- **TASK GOAL**
Starting with the line that contains "இந்தாண்டு நவராத்திரி ஞாயிற்றுக்கிழமை", copy every line through the end of the listing, exactly and only those. No pictures should appear in the copy.

== SUPPLIED DATA ==

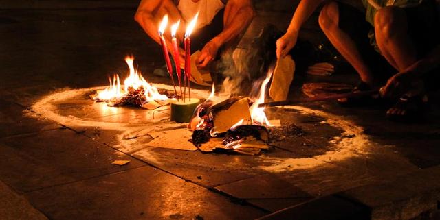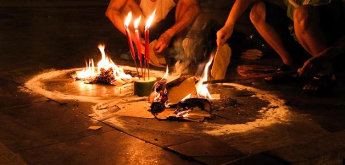 People burning papers at intersections are those with recently departed loved ones (meaning siblings, parents, grandparents, etc.). It’s not very common for people to burn papers for their ancestors from a few generations ago. A circle is drawn on the ground and food to honor the departed is placed in plates next to the circle. Then incense is lit and placed alongside the circle. Before the official paper burning for your loved ones begins, you need to place a smaller plate of offering food and burn a small amount of paper money outside the circle for the passing ghosts. This is so that the passing ghosts will be satisfied and not grab the things intended for your loved one. Think of it as a ghost tax. Once that paper burns out, you can begin. Start by saying your loved one’s full name and tell them to get ready to receive money and goodies. Then start burning.
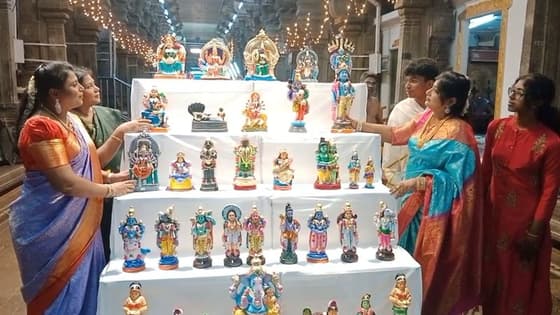 இந்தாண்டு நவராத்திரி ஞாயிற்றுக்கிழமை தொடங்கி வருகின்ற 23ம் தேதி சரஸ்வதி பூஜை மற்றும் 24-ஆம் தேதி விஜயதசமி வரை நடைபெறுகிறது. இதனை முன்னிட்டு திருச்செந்தூர் அருள்மிகு சுப்பிரமணிய சுவாமி திருக்கோவிலில் இரண்டாம் பிரகாரத்தில் 5 அடுக்குகளாக அருகருகே 5 இடங்களில் வண்ண வண்ண பொம்மைகளால் கொலு வைக்கப்பட்டுள்ளது. இதில் சுமார் 450-க்கும் மேற்பட்ட வண்ணமயமான புதிய பொம்மைகள் இடம்பெற்றுள்ளது.
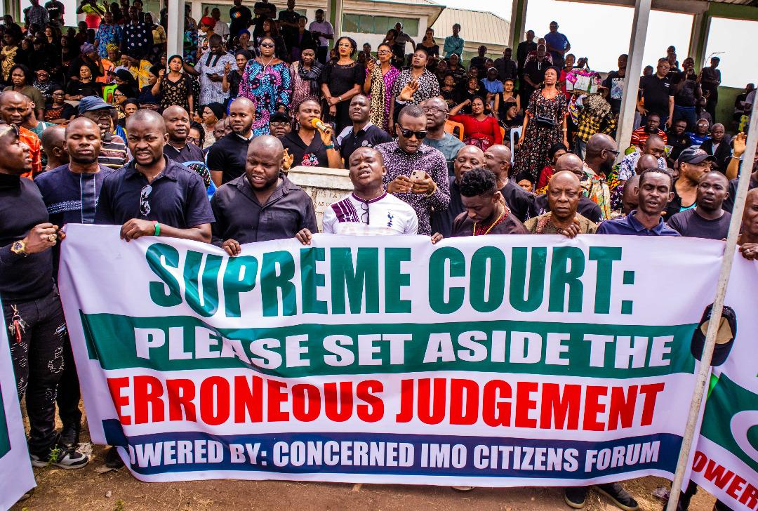 The group called on the Supreme Court to take a second look at the 14th of January Judgement on Imo governorship and correct the errors, while setting it aside by restoring the mandate given to Emeka Ihedioha by the people of Imo State on March 9, 2019.

===

- **RESPONSE TO THE EXERCISE**
 இந்தாண்டு நவராத்திரி ஞாயிற்றுக்கிழமை தொடங்கி வருகின்ற 23ம் தேதி சரஸ்வதி பூஜை மற்றும் 24-ஆம் தேதி விஜயதசமி வரை நடைபெறுகிறது. இதனை முன்னிட்டு திருச்செந்தூர் அருள்மிகு சுப்பிரமணிய சுவாமி திருக்கோவிலில் இரண்டாம் பிரகாரத்தில் 5 அடுக்குகளாக அருகருகே 5 இடங்களில் வண்ண வண்ண பொம்மைகளால் கொலு வைக்கப்பட்டுள்ளது. இதில் சுமார் 450-க்கும் மேற்பட்ட வண்ணமயமான புதிய பொம்மைகள் இடம்பெற்றுள்ளது.
 The group called on the Supreme Court to take a second look at the 14th of January Judgement on Imo governorship and correct the errors, while setting it aside by restoring the mandate given to Emeka Ihedioha by the people of Imo State on March 9, 2019.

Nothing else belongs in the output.